__Exercise requirements__
Drop the images. Copy every line below character for character.

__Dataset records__

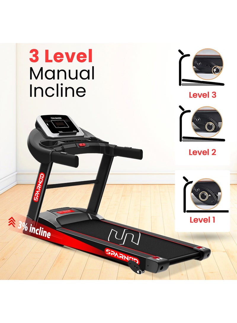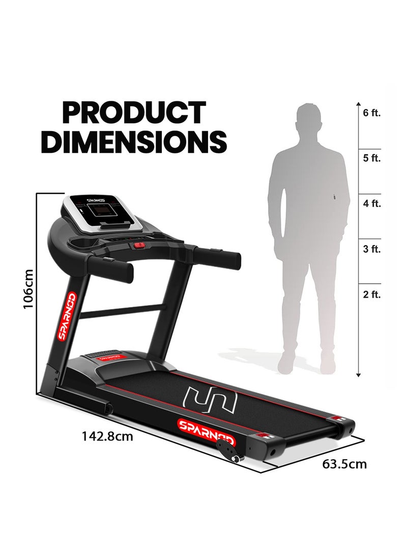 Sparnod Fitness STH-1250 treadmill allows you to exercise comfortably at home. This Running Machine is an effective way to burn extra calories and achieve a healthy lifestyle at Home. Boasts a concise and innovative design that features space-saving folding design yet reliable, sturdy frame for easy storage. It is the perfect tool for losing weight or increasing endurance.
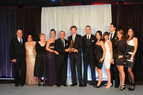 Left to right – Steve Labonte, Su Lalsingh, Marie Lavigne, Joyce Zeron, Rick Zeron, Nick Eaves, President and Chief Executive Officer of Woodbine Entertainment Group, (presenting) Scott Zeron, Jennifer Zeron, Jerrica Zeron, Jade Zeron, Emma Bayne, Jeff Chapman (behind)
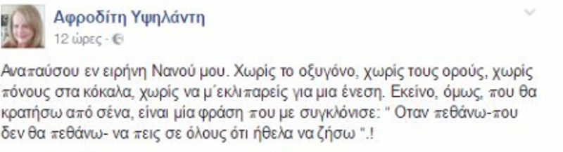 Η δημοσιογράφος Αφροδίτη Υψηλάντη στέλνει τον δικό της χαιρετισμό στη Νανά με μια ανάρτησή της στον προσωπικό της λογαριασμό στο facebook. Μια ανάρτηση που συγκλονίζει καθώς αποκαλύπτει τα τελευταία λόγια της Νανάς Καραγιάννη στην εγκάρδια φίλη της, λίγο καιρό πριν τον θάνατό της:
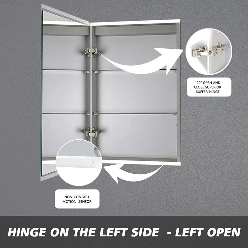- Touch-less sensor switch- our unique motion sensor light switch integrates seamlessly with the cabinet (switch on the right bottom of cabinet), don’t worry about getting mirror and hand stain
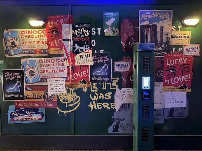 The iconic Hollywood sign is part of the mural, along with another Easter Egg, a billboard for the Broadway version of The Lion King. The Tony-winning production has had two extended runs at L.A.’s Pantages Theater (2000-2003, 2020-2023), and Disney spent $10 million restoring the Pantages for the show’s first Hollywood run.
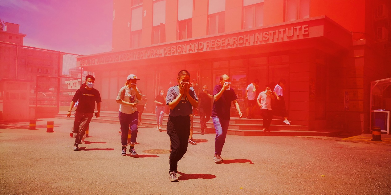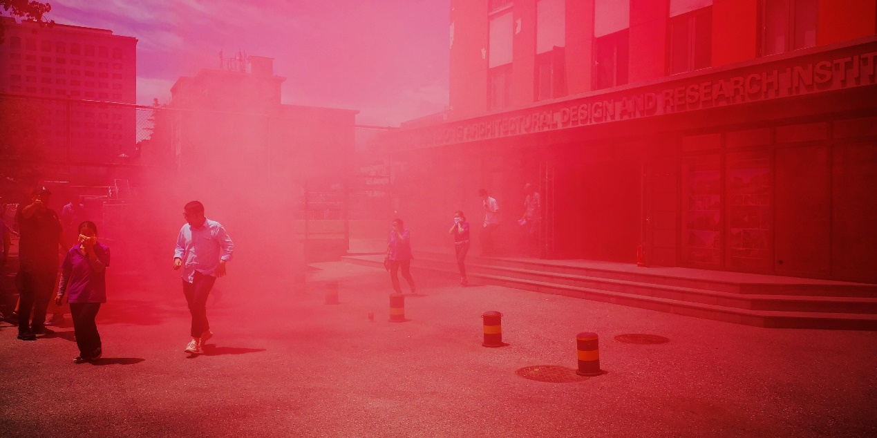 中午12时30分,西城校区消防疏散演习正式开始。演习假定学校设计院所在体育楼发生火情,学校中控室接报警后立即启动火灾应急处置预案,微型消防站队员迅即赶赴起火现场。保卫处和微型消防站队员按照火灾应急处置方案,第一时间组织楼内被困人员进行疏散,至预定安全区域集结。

__Task solution__
 Sparnod Fitness STH-1250 treadmill allows you to exercise comfortably at home. This Running Machine is an effective way to burn extra calories and achieve a healthy lifestyle at Home. Boasts a concise and innovative design that features space-saving folding design yet reliable, sturdy frame for easy storage. It is the perfect tool for losing weight or increasing endurance.
 Left to right – Steve Labonte, Su Lalsingh, Marie Lavigne, Joyce Zeron, Rick Zeron, Nick Eaves, President and Chief Executive Officer of Woodbine Entertainment Group, (presenting) Scott Zeron, Jennifer Zeron, Jerrica Zeron, Jade Zeron, Emma Bayne, Jeff Chapman (behind)
 Η δημοσιογράφος Αφροδίτη Υψηλάντη στέλνει τον δικό της χαιρετισμό στη Νανά με μια ανάρτησή της στον προσωπικό της λογαριασμό στο facebook. Μια ανάρτηση που συγκλονίζει καθώς αποκαλύπτει τα τελευταία λόγια της Νανάς Καραγιάννη στην εγκάρδια φίλη της, λίγο καιρό πριν τον θάνατό της:
- Touch-less sensor switch- our unique motion sensor light switch integrates seamlessly with the cabinet (switch on the right bottom of cabinet), don’t worry about getting mirror and hand stain
 The iconic Hollywood sign is part of the mural, along with another Easter Egg, a billboard for the Broadway version of The Lion King. The Tony-winning production has had two extended runs at L.A.’s Pantages Theater (2000-2003, 2020-2023), and Disney spent $10 million restoring the Pantages for the show’s first Hollywood run.
 中午12时30分,西城校区消防疏散演习正式开始。演习假定学校设计院所在体育楼发生火情,学校中控室接报警后立即启动火灾应急处置预案,微型消防站队员迅即赶赴起火现场。保卫处和微型消防站队员按照火灾应急处置方案,第一时间组织楼内被困人员进行疏散,至预定安全区域集结。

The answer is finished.